Katherine Heigl, Tom Wilkinson, and Linda Edmond are in Cleveland shooting the indie comedy “Jenny’s Wedding,” until the end of November. The mixer on set is veteran Dr. Marlowe “Mauly T” Taylor, a producer and sound mixer based in Cleveland and member of IATSE 209. Dr. Taylor chose to outfit his cart with RF Venue antennas for all the talent and crew wireless audio, and hasn’t looked back.
“The Diversity Fin and CP Beam are my superman antennas,” Taylor said. “These antennas have simplified some very complicated issues. We were having a lot of RF static and the signal strength was very low. We were basically running our previous antennas out on 50 to 75 feet of cable all the time. Plus we were getting attenuation with these long cable runs and had to use all sorts of boosters. It was getting crazy.”
Taylor is now using a Diversity Fin to receive the Lectrosonics Venue and UCR411A HM plugs and talent packs on the “Jenny’s Wedding” set. A CP Beam pulls stereo from the Mix 12 and feeds to an ARRI Alexa via Sennheiser IEM receivers. And he uses an additional CP Beam for the Lectrosonics T4 IFB com system used to communicate with the boom operator and crew. Taylor is also using a Zaxcom suite including Mix12 and Deva IV plus ZOOM H6 and Timecode safety.

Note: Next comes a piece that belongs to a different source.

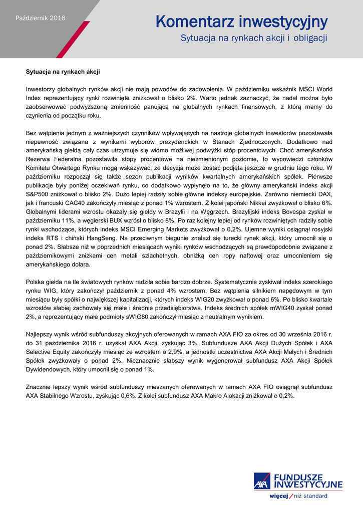 Październik 2016 Komentarz inwestycyjny Sytuacja na rynkach akcji i obligacji Sytuacja na rynkach akcji Inwestorzy globalnych rynków akcji nie mają powodów do zadowolenia. W październiku wskaźnik MSCI World Index reprezentujący rynki rozwinięte zniżkował o blisko 2%. Warto jednak zaznaczyć, że nadal można było zaobserwować podwyższoną zmienność panującą na globalnych rynkach finansowych, z którą mamy do czynienia od początku roku. Bez wątpienia jednym z ważniejszych czynników wpływających na nastroje globalnych inwestorów pozostawała niepewność związana z wynikami wyborów prezydenckich w Stanach Zjednoczonych. Dodatkowo nad amerykańską giełdą cały czas utrzymuje się widmo możliwej podwyżki stóp procentowych. Choć amerykańska Rezerwa Federalna pozostawiła stopy procentowe na niezmienionym poziomie, to wypowiedzi członków Komitetu Otwartego Rynku mogą wskazywać, że decyzja może zostać podjęta jeszcze w grudniu tego roku. W październiku rozpoczął się także sezon publikacji wyników kwartalnych amerykańskich spółek. Pierwsze publikacje były poniżej oczekiwań rynku, co dodatkowo wypłynęło na to, że główny amerykański indeks akcji S&P500 zniżkował o blisko 2%. Dużo lepiej radziły sobie główne indeksy europejskie. Zarówno niemiecki DAX, jak i francuski CAC40 zakończyły miesiąc z ponad 1% wzrostem. Z kolei japoński Nikkei zwyżkował o blisko 6%. Globalnymi liderami wzrostu okazały się giełdy w Brazylii i na Węgrzech. Brazylijski indeks Bovespa zyskał w październiku 11%, a węgierski BUX wzrósł o blisko 8%. Po raz kolejny lepiej od rynków rozwiniętych radziły sobie rynki wschodzące, których indeks MSCI Emerging Markets zwyżkował o 0,2%. Ujemne wyniki osiągnął rosyjski indeks RTS i chiński HangSeng. Na przeciwnym biegunie znalazł się turecki rynek akcji, który umocnił się o ponad 2%. Słabsze niż w poprzednich miesiącach wyniki rynków wschodzących są prawdopodobnie związane z październikowymi zniżkami cen metali szlachetnych, obniżką cen ropy naftowej oraz umocnieniem się amerykańskiego dolara. Polska giełda na tle światowych rynków radziła sobie bardzo dobrze. Systematycznie zyskiwał indeks szerokiego rynku WIG, który zakończył październik z ponad 4% wzrostem. Bez wątpienia silnikiem napędowym w tym miesiącu były spółki o największej kapitalizacji, których indeks WIG20 zwyżkował o ponad 6%. Po blisko kwartale wzrostów słabiej zachowały się małe i średnie przedsiębiorstwa. Indeks średnich spółek mWIG40 zyskał ponad 2%, a reprezentujący małe podmioty sWIG80 zakończył miesiąc z neutralnym wynikiem. Najlepszy wynik wśród subfunduszy akcyjnych oferowanych w ramach AXA FIO za okres od 30 września 2016 r. do 31 października 2016 r. uzyskał AXA Akcji, zyskując 3%. Subfundusze AXA Akcji Dużych Spółek i AXA Selective Equity zakończyły miesiąc ze wzrostem o 2,9%, a jednostki uczestnictwa AXA Akcji Małych i Średnich Spółek zwyżkowały o ponad 2%. Nieznacznie słabszy wynik wygenerował subfundusz AXA Akcji Spółek Dywidendowych, który umocnił się o ponad 1%. Znacznie lepszy wynik wśród subfunduszy mieszanych oferowanych w ramach AXA FIO osiągnął subfundusz AXA Stabilnego Wzrostu, zyskując 0,6%. Z kolei subfundusz AXA Makro Alokacji zniżkował o 0,2%. Październik 2016 Komentarz inwestycyjny Sytuacja na rynkach akcji i obligacji Wykres indeksu WIG 12M na dzień 31.10.2016 r. Sytuacja na rynkach obligacji W minionym miesiącu opublikowano wiele znaczących danych makroekonomicznych odnoszących się do głównych światowych gospodarek. W przypadku Stanów Zjednoczonych pogorszeniu uległy dane dotyczące rynku pracy. Wzrost zatrudnienia w sektorze pozarolniczym znalazł się poniżej oczekiwań ekspertów. Poprawie uległy z kolei dane PMI dla sektora przemysłowego i usługowego oraz odczyt PKB w trzecim kwartale. Informacje te wskazują, że ewentualne podniesienie stóp procentowych przez FED może mieć miejsce jeszcze w tym roku. Poprawie uległy również wstępne odczyty indeksów PMI dla sektora przemysłowego oraz usługowego strefy euro, które wzrosły odpowiednio do poziomu 53,3 pkt i 53,5 pkt. Oba odczyty znalazły się powyżej poziomu zakładanego przez ekspertów. Październikowe dane makroekonomiczne dotyczące stanu polskiej gospodarki przyniosły nieznaczną poprawę nastrojów. Mimo że tempo inflacji konsumenckiej pozostaje niezmiennie poniżej zera, to odczyt na poziomie -0,5% r/r wobec poprzedniego odczytu -0,8% r/r wskazuje na tendencję zwyżkową wskaźnika. Poprawie uległy także dane dotyczące importu i eksportu, które wzrosły odpowiednio o 10,4% i 8% w ujęciu r/r. Produkcja przemysłowa w polskiej gospodarce wzrosła o 3,2% r/r, a sprzedaż detaliczna o 4,8% r/r. W październiku rynek dłużny przyniósł inwestorom ujemne stopy zwrotu. W ciągu całego miesiąca najmniej traciły aktywa obarczone największym ryzykiem. Indeks obligacji wysokodochodowych (iBoxx $ Liquid High Yield Index) nieznacznie się osłabił. Indeks obligacji klasy inwestycyjnej (iBoxx Liquid Investment Grade Index) zniżkował o ponad 1%, podobnie jak indeks amerykańskich obligacji skarbowych (Bloomberg/EFFAS Bond Indices US Govt All > 1 Yr TR). Największą stratę wygenerował indeks rządowych obligacji europejskich (Bloomberg/EFFAS Bond Indices Euro Govt All > 1 Yr TR), zniżkując o ponad 2%. Bardziej sprzyjający dla inwestorów był rynek polskich obligacji skarbowych, którego indeks (Treasury BondSpot Poland Index) spadł o 0,4%, a rentowność 10-letnich obligacji skarbowych (10PLY.B) z końcem października wzrosła powyżej poziomu 3,1%. Subfundusze AXA Lokacyjny oraz AXA Obligacji Korporacyjnych zakończyły miesiąc nieznacznie powyżej wartości z końca września. Subfundusz AXA Obligacji stracił w analogicznym okresie 0,4%. Zespół inwestycyjny AXA TFI Październik 2016 Komentarz inwestycyjny Sytuacja

Interesting study in antennas for licensed vs. unlicensed devices: Diversity Fin and CP Beam on set, filming directly underneath a mixed use cell/RF tower.
The Diversity Fin is an antenna with one LPDA and one dipole element oriented at 90 degrees for optimum polarization diversity, and elimination of multi-path interference. The CP Beam is a high gain circularly polarized helical antenna that is lightweight and collapses for compact storage.
“Earlier we had a scene in a fire station,” Taylor continued. “Katherine and Tom were inside on the second floor, and I couldn’t get my cart up the stairs. I was able to raise my antennas up and shoot right through the brick wall without a problem, full strength. We started using both Diversity Fins and CP Beams rigged on a boom popped up 12 or 15 feet above the cart to get a clear shot to wherever they are. My cable just sits coiled up on the cart.”
Taylor has mixed features, docs, and TV shows, including the Sundance indie hit “Kings of Summer,” football feature “Underdogs,” and the 2014 made for TV movie “Love Finds You In Sugar Creek.” Dr. Taylor gets his title from PhD work at Ohio University, where he also received a Masters in sound. In addition to sound work, he is currently a professor and instructor at Cleveland State University.
Dr. Taylor was introduced to the RF Venue line by Pro Sound Services' Rich Topham. “And let me tell you,” Taylor said. “For the ‘Underdogs’ football movie we made with Joe Namath using the RF Venue antennas, all the audio went back to L.A., and the director and post mixer told us that 99% made it into the final film. They needed almost no ADR and said it was the cleanest and sharpest audio they’ve ever had. They actually thought I was a mixer from California, not from Ohio!”